Instructions to follow: In the entries that follow, the line with "Polaris SPORTSMAN 800" opens the range and the line with "9月30日,旅客在寶蘭高鐵甘" closes it; repeat that range exactly, both lines included.

Data for the task:
○ ○ ○ ○ ○ ○ ○
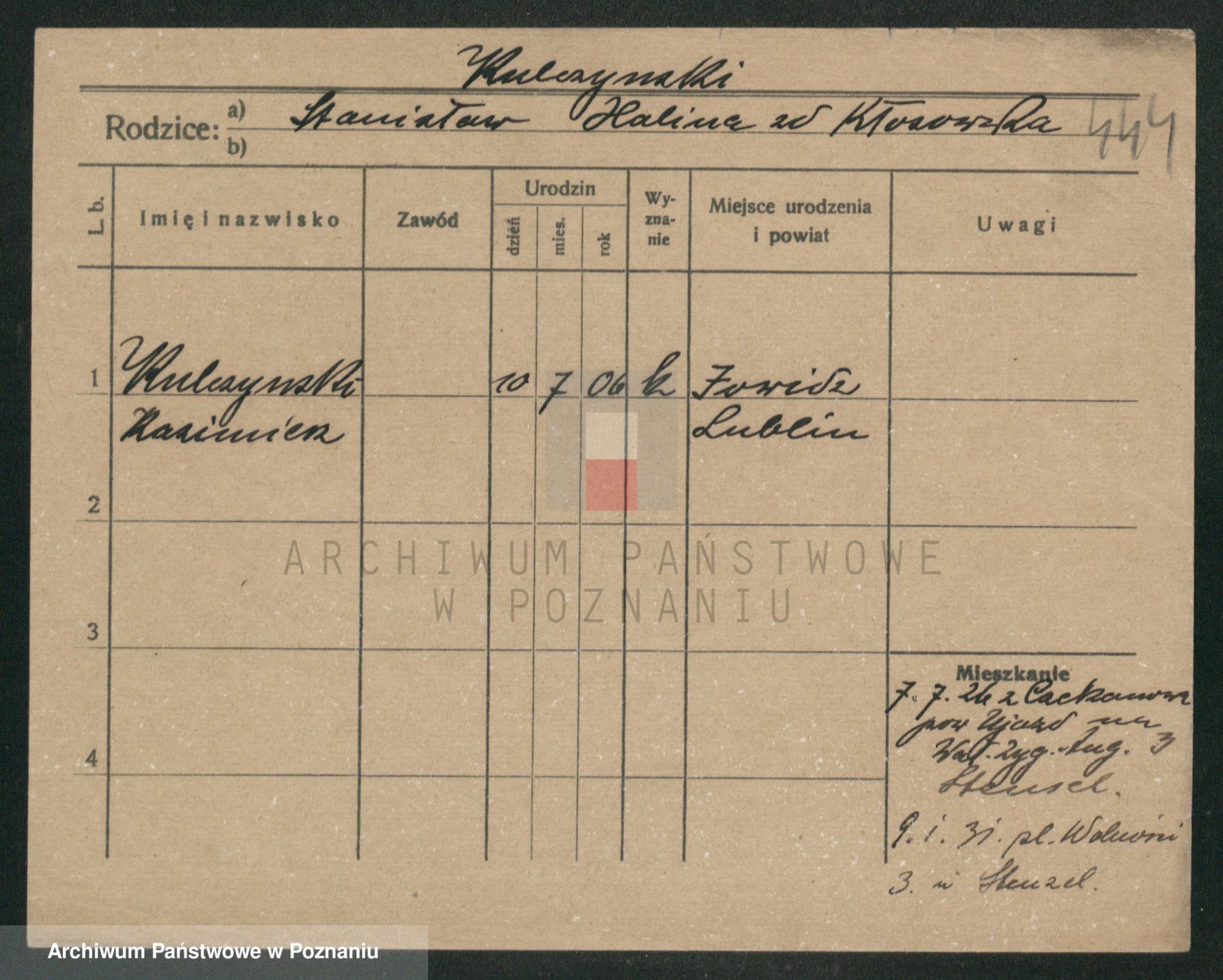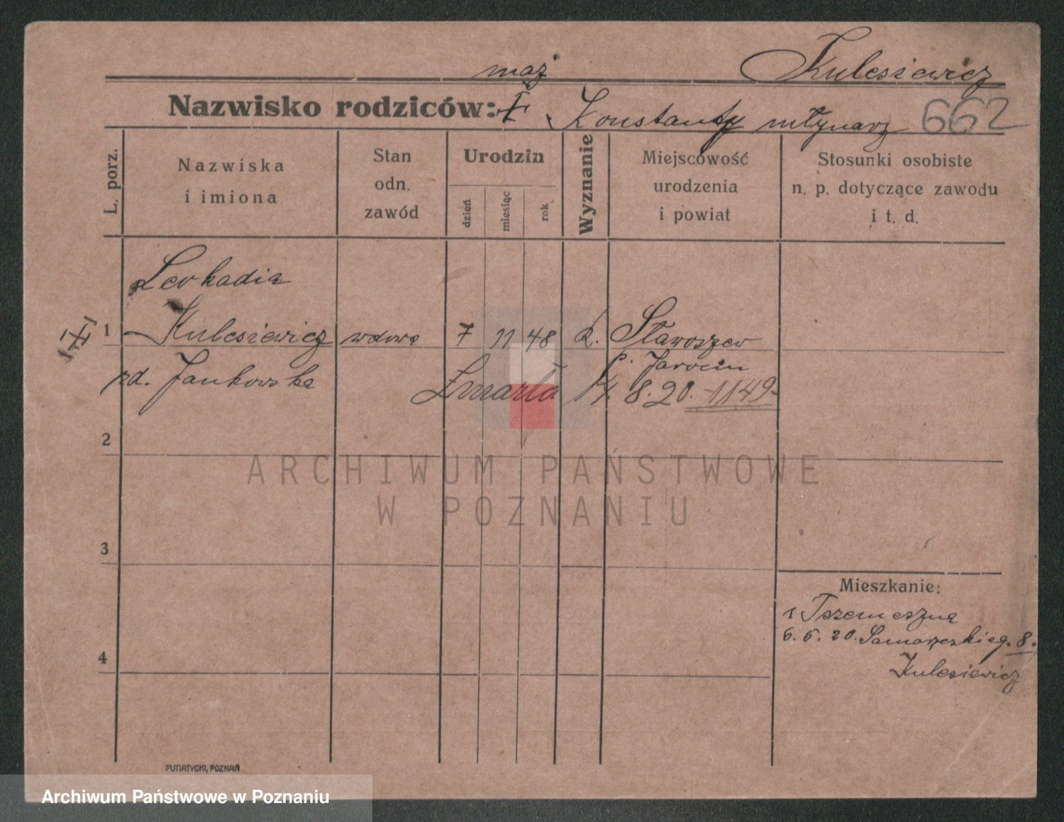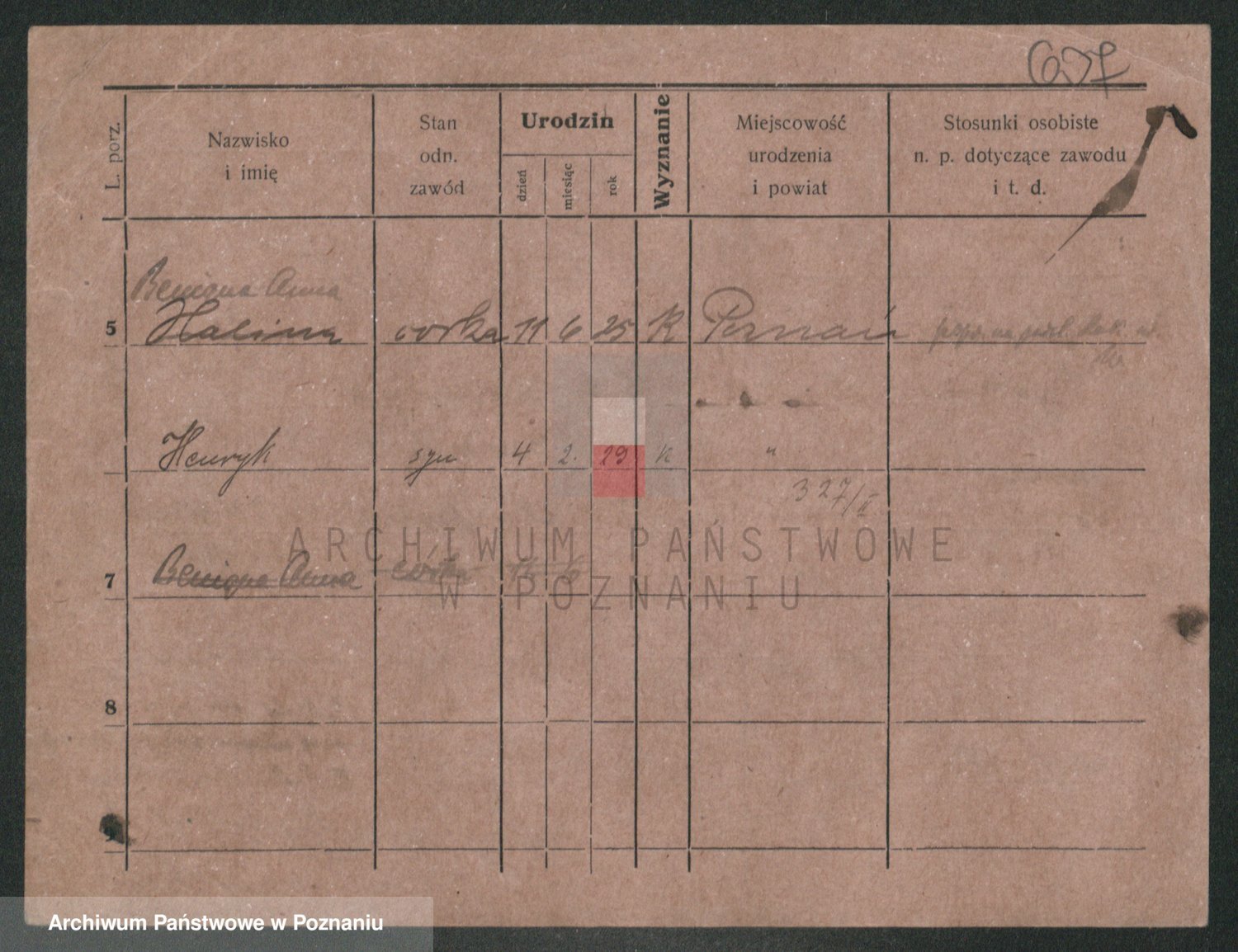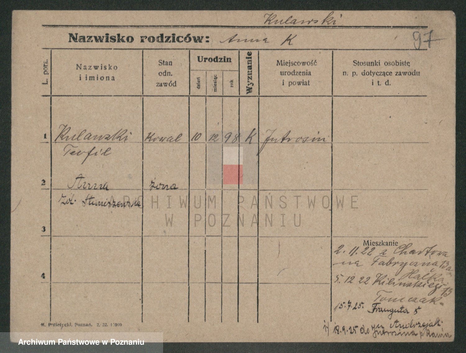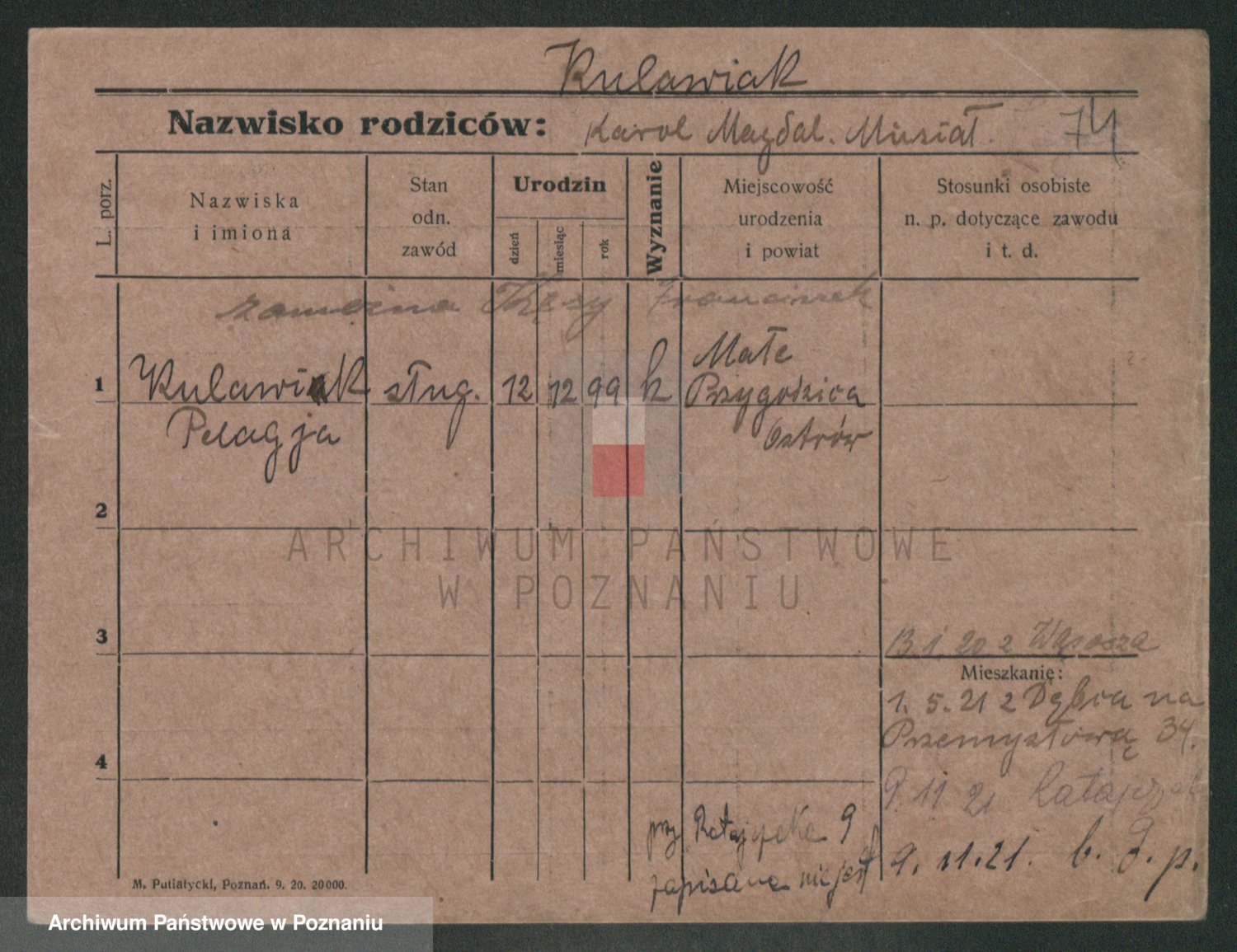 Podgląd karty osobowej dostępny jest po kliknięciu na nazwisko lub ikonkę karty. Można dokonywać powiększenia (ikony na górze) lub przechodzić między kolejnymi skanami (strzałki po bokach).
○ ○ ○ ○ ○ ○ ○
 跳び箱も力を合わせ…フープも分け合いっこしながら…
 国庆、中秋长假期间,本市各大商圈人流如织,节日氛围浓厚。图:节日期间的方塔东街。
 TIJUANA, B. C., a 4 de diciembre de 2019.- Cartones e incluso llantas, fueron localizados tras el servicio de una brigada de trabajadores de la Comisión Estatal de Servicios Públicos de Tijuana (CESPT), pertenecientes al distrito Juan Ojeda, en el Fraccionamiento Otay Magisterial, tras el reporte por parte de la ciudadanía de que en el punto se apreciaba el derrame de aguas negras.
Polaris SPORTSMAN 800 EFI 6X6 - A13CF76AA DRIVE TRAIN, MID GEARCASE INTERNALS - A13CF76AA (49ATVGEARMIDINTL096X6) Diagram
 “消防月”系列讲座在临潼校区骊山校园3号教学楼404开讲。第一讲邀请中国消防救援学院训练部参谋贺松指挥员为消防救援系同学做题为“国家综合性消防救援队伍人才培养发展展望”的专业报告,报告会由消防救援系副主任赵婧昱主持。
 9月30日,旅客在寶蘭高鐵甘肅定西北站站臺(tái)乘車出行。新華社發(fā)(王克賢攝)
○ ○ ○ ○ ○ ○ ○
Written answer:
Polaris SPORTSMAN 800 EFI 6X6 - A13CF76AA DRIVE TRAIN, MID GEARCASE INTERNALS - A13CF76AA (49ATVGEARMIDINTL096X6) Diagram
 “消防月”系列讲座在临潼校区骊山校园3号教学楼404开讲。第一讲邀请中国消防救援学院训练部参谋贺松指挥员为消防救援系同学做题为“国家综合性消防救援队伍人才培养发展展望”的专业报告,报告会由消防救援系副主任赵婧昱主持。
 9月30日,旅客在寶蘭高鐵甘肅定西北站站臺(tái)乘車出行。新華社發(fā)(王克賢攝)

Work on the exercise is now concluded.